# How to claim Quebec's "private health insurance" when living in Ontario?



## firsttimer (Feb 9, 2012)

Re,

I'm a federal government employee who lives in Ottawa but works in Gatineau. 

On REL-1 that I receive each year there's an amount in box J ("Private health insurance plan). I recall that during previous years my accountant used to include that amount on Line 232 ("Other deductions") on the T1 form. Since I've decided to start filing taxes on my own, I wonder how I describe this deduction in the field preceding Line 232 *and* shouldn't this amount be claimed as a medical expense (if I include this amount on Line 330, it does not affect my refund, whereas on Line 232 it does )

Thanks!

P.S. If you're also a government employee who works in Quebec but lives in Ontario, how do you claim this expense?


----------



## ghostryder (Apr 5, 2009)

I see no reason this should be on line 232 in the first place.

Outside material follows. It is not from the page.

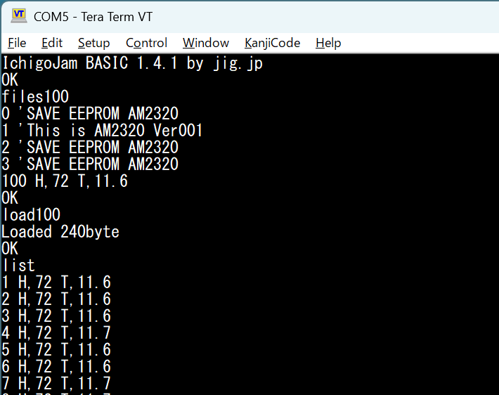 IchigoJamPCとAM2320・I2CEEPROMを使って 温度・湿度を記録します
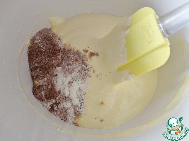 По частям добавляем мучную смесь во взбитые с сахаром яйца. Перемешиваем аккуратно лопаткой движениями снизу вверх и по кругу.

Just 'cause your accountant did it, doesn't mean he should have.


Isn't box J the amount paid by your employer to your employer's health plan? This doesn't even qualify as a medical expense for line 330 federally because you didn't pay this. It's the amount of your taxable benefit. It's not an expense.


----------



## OhGreatGuru (May 24, 2009)

The employer's contribution to a group health plan is a taxable benefit in Quebec, but not in any other province, which is why it is shown in Box J of REL-1. 

The amount in Box A of the REL-1 (Employment Income) includes this taxable benefit. If you are not a resident of Quebec, Box J needs to be deducted from Box A to get what your employment income would be in Box 14 of a T4 for every other province but Quebec. (I was a public servant residing in Ontario but with my office in Quebec for many years, and I would receive both a REL-1 and a T4. The difference in employment income between the 2 forms was accounted for by the amount in Box J) 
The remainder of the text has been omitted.